どんぴんからりん

昔話、絵本、創作は主に短編の内容を紹介しています。やればやるほど森に迷い込む感じです。(2012.10から)

まっくろ

2024年08月24日 | 絵本(日本)

    まっくろ/作・高崎拓馬/絵・黒井健/講談社/2021年

 

 まったく最後が想像できませんでした。これだけ びっくりする最後も珍しい。

 

 先生が「こころに うかんだことを かいてみましょう」と言うと、ひとりだけ画用紙を真っ黒に塗りつぶしている男の子がいました。先生がこまった 顔をして、「ちゃんとした えを かきなさい」と言いますが、男の子はやめません。
みんなが描き終わってもまだひとり、画用紙に 黒を塗りつぶしていく男の子。

 家に帰っても、朝になっても、休みになっても、男の子は、画用紙を真っ黒に塗りつづけ、大人はみんな心配顔。保健室でも 書き続ける男の子。ともだちもみんな心配顔。それでも 手を止めなかった男の子。

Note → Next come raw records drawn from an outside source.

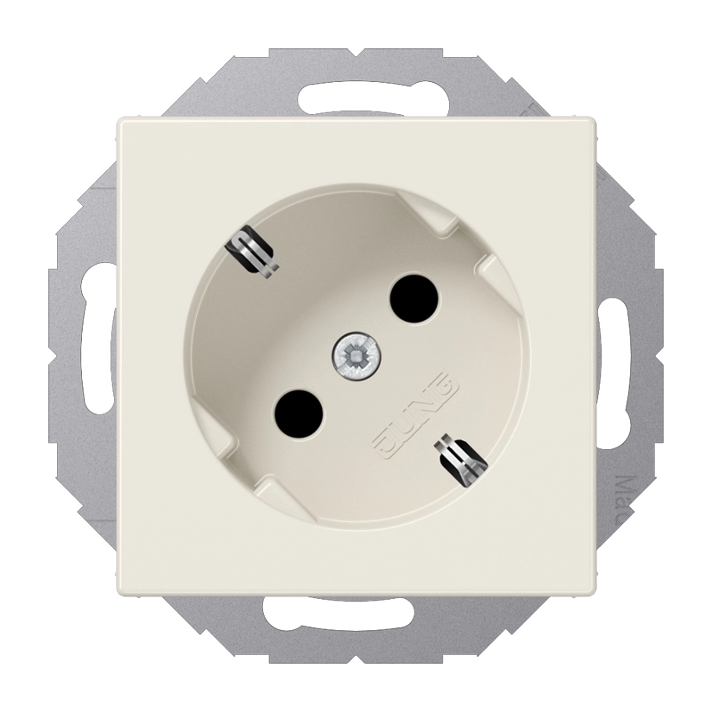 JUNG stopcontact 45 graden gedraaid met randaarde, A-range, crème. Bedrading aansluiten met insteekklemmen. Duroplast, zeer krasvast en glanzend. Excl. afdekraam.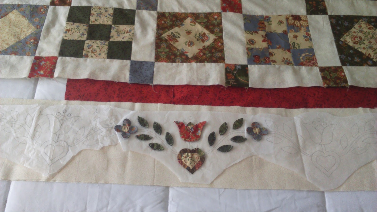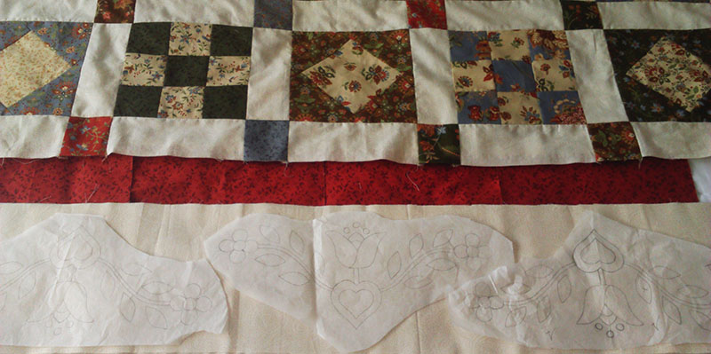 Después seguí con las aplicaciones para coser en los bordes de la colcha, aun mas interminable si cabe el trabajo que con los bloques, muchísimo mas!!!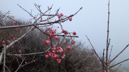 | ▼残る紅葉越しに天狗岩方面を眺望 | ▼東尾根コース別れのピンクの実はマユミでしょうか? | |
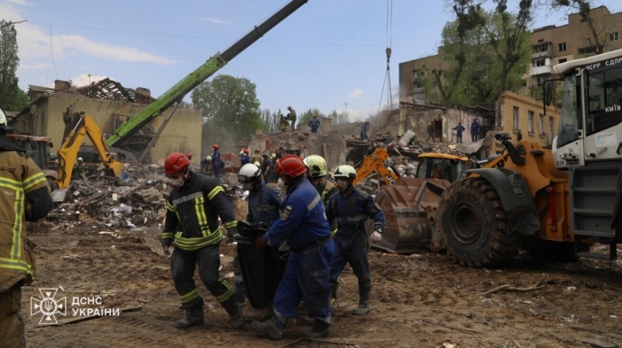 Наразі пошуково-рятувальні роботи та ліквідація наслідків атаки тривають.
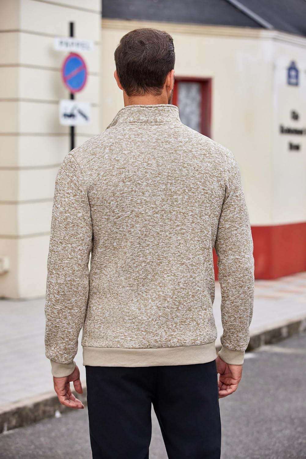 • COOFANDY Men’s Knitted Polo Neck Long Sleeve Winter Thermal Casual Sweater(Khaki)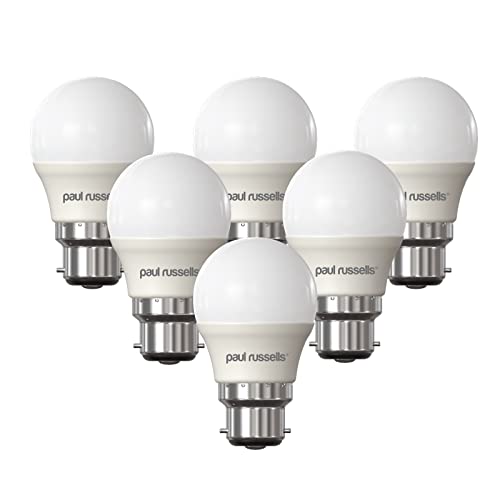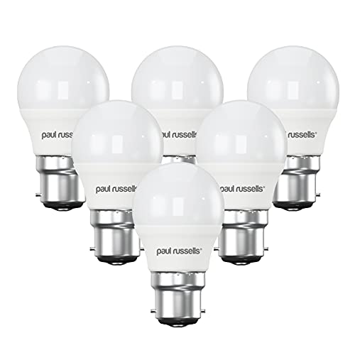 paul russells LED Light Bayonet Cap B22, 60w Equivalent, 6.5W 806 Lumens LED Bulbs, 2700K Bright Warm White, Mini Globe Frosted G45 BC Golf Ball Energy Saving (Not Dimmable) Lightbulbs, 6 Pack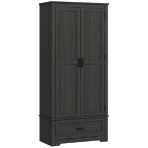 HOMCOM 69" Tall Farmhouse Kitchen Pantry Cabinet with 2 Doors, Drawer and Adjustable Shelves for Dining Room, Black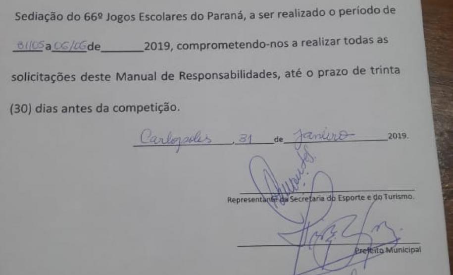 A chefe do Núcleo Regional de Educação de Jacarezinho professora Ana Maria Molini reuniu-se com o prefeito do município de Carlópolis Hiroshi Kubo onde foi assinado o Termo de Compromisso para a realização dos Jogos Escolares do Paraná.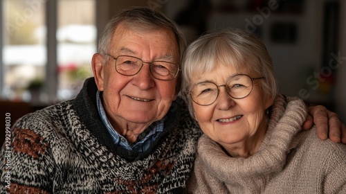 Elderly couple sharing warm smiles, embodying enduring love and connection.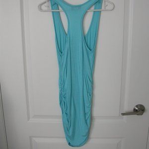Turquoise tank top with rauched sides - 17" pit to pit, 35" shoulder to hem - 94% rayon, 6% spandex - hand wash, line dry - new, never worn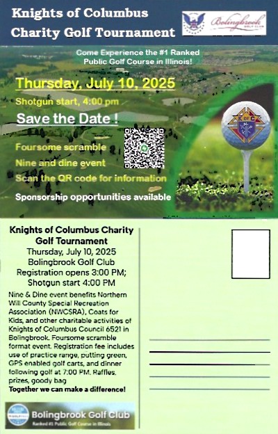 All event proceeds raised from this tournament will directly benefit the various charitable endeavors of the Knights of Columbus Council 6521 in Bolingbrook and surrounding communities; with a significant focus on our biggest activities of the year, our annual Christmas Party for children with intellectual disabilities from the Northern Will County Special Recreation Association (NWCSRA), and our Coats for Kids program. Together we can make a difference!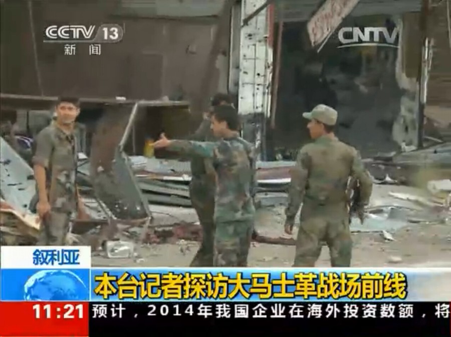 叙利亚政府军士兵为央视记者“开道”确保安全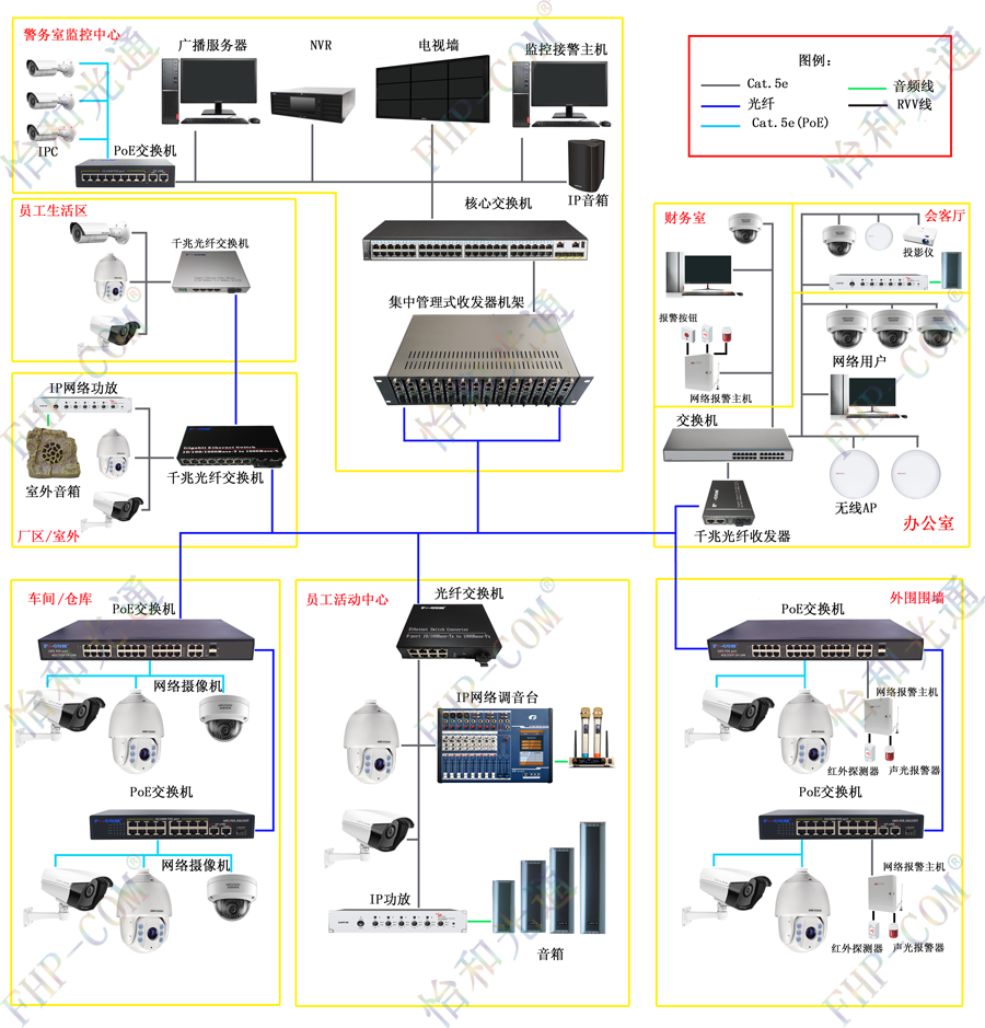 5、全部采用高清网络摄像机,可远程监控,布线采用光纤、双绞线、RVV线及视频线相结合,监控区域采取24小时全天候监控。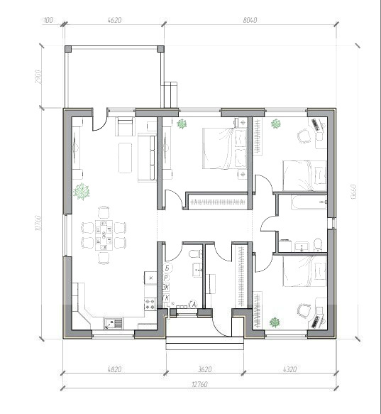 - Отопление - Теплый водяной пол по всему периметру дома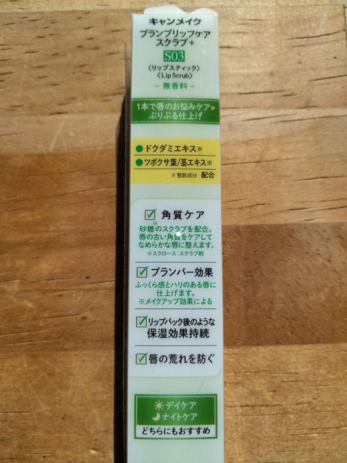 - うれしい成分をプラスした うるおい&角質ケアができるリップスクラブ S01…ヒアルロン酸Na(保湿成分)・セラミドNP(保湿成分) 配合 S02…ビタミンC誘導体(製品の抗酸化成分)・パルミチン酸レチノール(整肌成分) 配合 S03…ドクダミエキス(整肌成分)・ツボクサ葉/茎エキス(整肌成分) 配合 プランプリップケアスクラブに各色2種ずつ成分をプラスしたタイプ。 唇の上で溶けるお砂糖のスクラブが古い角質を優しくオフして、なめらかな唇に整えます。 リップパックした後のような高保湿が持続します。 拭き取り・洗い流し不要なので、外出先でも手軽にケアできます。 ナイトケアにもオススメです。 清涼感のある使い心地 ・スクラブ目的として砂糖の粒子を配合しておりますが、唇の状態によって刺激に感じられる可能性がございますのでご注意ください。 ・強くこすると刺激を感じることがあります。こすりすぎないように注意してください。 ・大変柔らかいバームですので、1㎜程度繰り出してお使いください。 ・一度繰り出したバームは戻りませんのでご注意ください。

 やがて、男の子は 黒い画用紙を 体育館に ならべはじめます。

 よくよくみると、画用紙は すべてが黒だけではなく、白い部分も ありました。ならべはじめると 白いリンクなようなものが。

 先生も、ともだちも みんな 集まってくるなかで、男の子が、次々に ならべていくと できあがったのは?

 

 黒といっても、色合いはさまざま。

 「心に浮かぶもの」は、百人いれば百人それぞれ。その子を 戸惑いながらも じっと見守る周囲も、素敵です。